Aún conservamos en el paladar la
embocadura del último día del libro. Como el ejército de
Pancho Villa, escritores de distinto pelaje exponían como trofeos sus más
recientes publicaciones en las mesas preparadas a modo de reclamo en las
librerías y biblioteca de nuestra ciudad. Aunque en esto no somos originales.
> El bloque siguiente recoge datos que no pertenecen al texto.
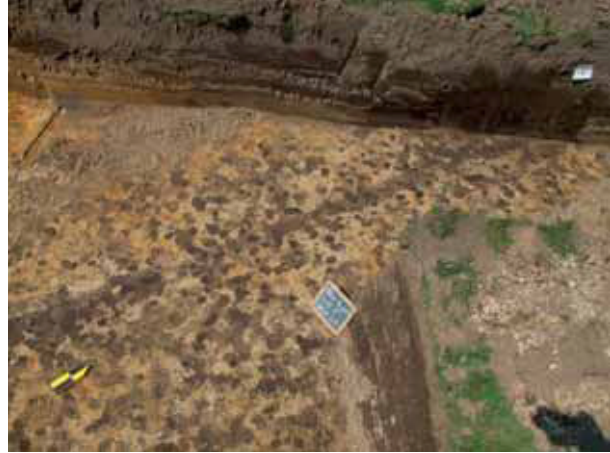
afb. 11: Het lineaire spoor 21 (Stad Gent, Dienst Stadsarcheologie)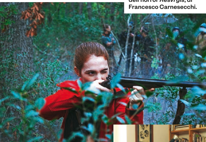
Durante una scena dell'horror Resvrgis , di Francesco Carnesecchi.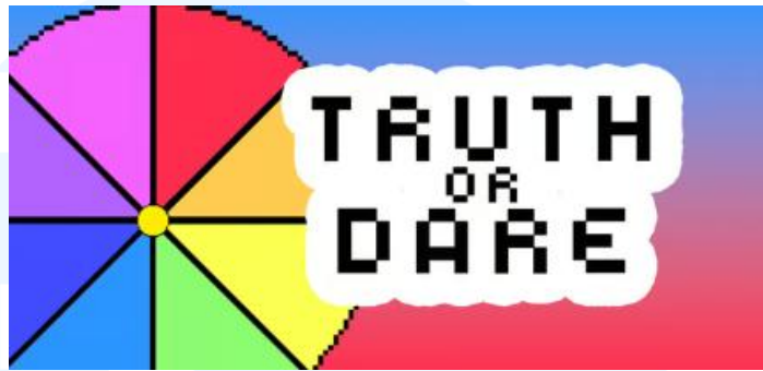
Gambar 2.6 Portofolio Game Truth or Dare

teman-temannya. Game ini didesain untuk dimainkan bersama-sama dengan banyak pemain, dirancang dengan berbagai in-app purchases . Dengan desain berupa pixel arts , game ini memiliki desain yang minimalis dan bewarna-warni.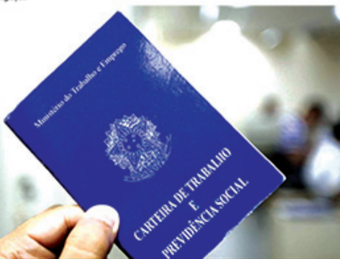
Números atualizados do IBGE mostram maior número de desempregados no Brasil desde agosto de 2018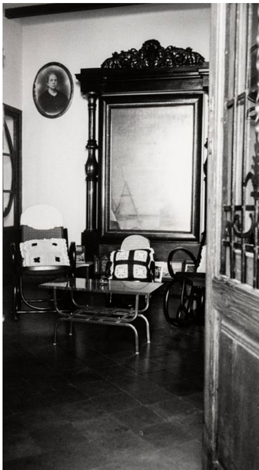
Gabriel Cualladó. Interior de casa de Oliva , de la sèrie/serie Gandia i la Safor, 1990 Interior de casa d'Oliva. Fotografia a les sals de plata sobre paper, còpia d'època 29,4 x 16,5 cm IVAM Institut Valencià d'Art Modern, Generalitat Donació de l'artista

Mor en 2003, deixant un llegat durador, que conta la història d'una Europa de postguerra tan fragmentada com commovedora. Al llarg de la dècada de 2000 es van fer diverses exposicions de la seua obra, com la que li va dedicar l'IVAM l'any 2003.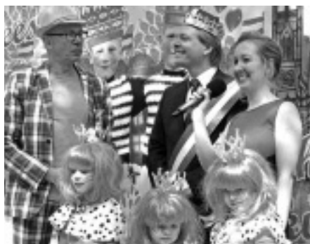
Liskwartier viert Koningsdag, pag. 4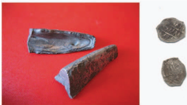
Рис. 5. Полтины и подражание монете Джанибека, р. Ирпень под Киевом, 2002 г.

В 2002 г. на старом селище на берегу реки Ирпень под Киевом (Украина) были найдены две «трехгранные» полтины весом 96,88 и 99,51 г. (Рис. 5), одна из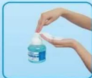
取适量洗手液于掌心

洗手在流水下进行，取下手上的饰物及手表，卷袖至前臂中段，如手有裂口，要用防水胶布盖严，打开水龙头，湿润双手。搓手步骤如图，每个步骤至少搓擦五次，双手搓擦不少于10-15秒种。双手稍低置，流水由手腕、手、至指尖尖冲洗，然后擦干。

Con una suerte de localismo conmemorativo, la celebración guarda un tono
similar en casi cualquier punto de la geografía nacional.
Y digo esto sin ninguna
pretensión de desapego. Por lo general, me gusta el folclore. Defiendo la
celebración popular de las costumbres de cada rincón. No entiendo el desarraigo
de la tradición, siempre y cuando ésta no atente contra la dignidad de nadie. Y
en este caso, resulta evidente que no es así. La celebración del día del libro es
un claro motivo de festejo, independientemente de lo cerca o lo lejos que se
viva el resto del tiempo del universo literario.
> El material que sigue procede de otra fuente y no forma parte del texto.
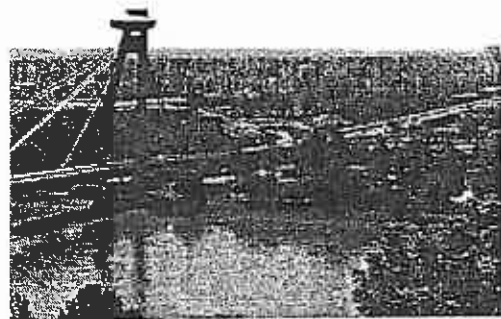
Pozsonyligetfalu panelháza a Duna-híddal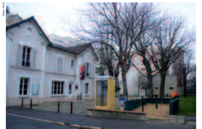
Localisation du futur conservatoire, rue Gambetta.

Au premier étage, on trouvera les salles des enseignements théoriques, la salle des professeurs et les locaux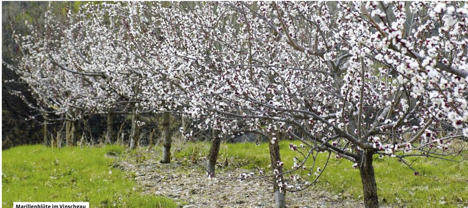
Marillenblüte im Vinschgau

Das besondere Steinobst prägt wieder verstärkt das Bild der Vinschger Kulturlandschaft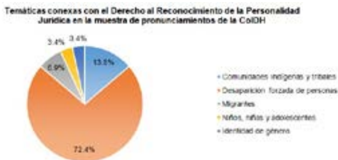
Figura No. 02 – Providencias de la CoIDH organizadas por temáticas conexas al derecho al reconocimiento de la personalidad jurídica.

Así las cosas, se puede advertir que, al interior de los casos contenciosos de la CoIDH, se identifican como temas esenciales en relación al derecho abordado: Por una parte, situaciones fácticas relacionadas con el fenómeno de la desaparición forzada de personas; por otra parte, aquellos que se relacionan con comunidades indígenas o tribales; y, de una manera más reducida, se encuentran el asunto afín a migrantes; los cuales se integran a los temas de las opiniones consultivas (niños, niñas y adolescentes; e identidad de género). Estos resultados pueden ser concretados gráficamente de la forma subsecuente: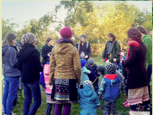
mateřských škol „Hvězdy v lese“ in Prag, Tschechien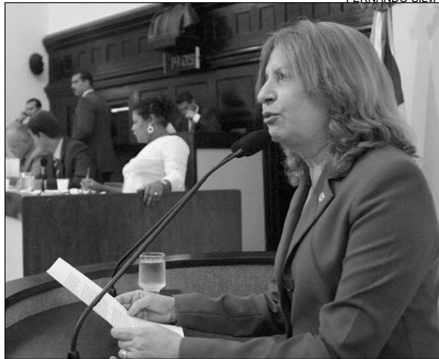
DEPUTADA - Emenda garante direito às mulheres

A parlamentar alegou que o Estatuto dos Policiais Militares do Estado ignora a determinação ao estabelecer que os militares se aposentem aos 30 anos de serviço, independentemente de ser homem ou mulher. "A explicação é que o estatuto foi aprovado por meio da Lei nº 6.783, de 1974, anterior à emenda constitucional. Porém, não é aceitável a continuidade do fato, uma vez que as

Este año, además, la celebración
ha adquirido una magnitud mucho mayor al coincidir con el cuarto centenario de
la muerte de Cervantes y Shakespeare. Aunque en realidad hoy tenemos la certeza
de que ninguno de los dos murió el día 23 del mes de abril. El primero de
ellos, el alcalaíno, falleció un día antes, el día 22, mientras que el
británico sí que lo hizo el 23 de abril, pero del calendario juliano, que era
el que regía en tierras anglosajonas y que se diferenciaba en once días del
calendario gregoriano, usado por entonces en nuestro país. Pero esto es lo de
menos. La aceptación popular de esta efeméride –impulsada por el marchamo
oficial que le otorga la UNESCO– está por encima de lo que impondría el rigor
de la historia y eso es lo que importa. Al menos para la industria editorial,
los libreros y los mamporreros que cuadran las agendas políticas de nuestros
dirigentes, que en esta fecha siempre sacan a relucir su erudición y su
ferocidad lectora.
Pero, insisto, aplaudo con
fervor cuasirreligioso todas las iniciativas por acercar a escritores y
lectores en ésta o cualquier otra celebración. Creo, de verdad, que es
importante que se lea para la formación integral de las personas. Decía Javier
Marías en estos días que “escribir tiene algo de anómalo”. Seguramente sea así,
pero no lo tiene el hecho de leer. Leer, como acto de interpretación y de
conocimiento, es un impulso primitivo. Por eso, la amalgama literaria, los
cruces antibiológicos de gustos creativos, las mesas expositoras con títulos
discordantes y los excesos verbales de poetas y narradores están más que
justificados. El día del libro fue un día festivo. Brindemos por ello.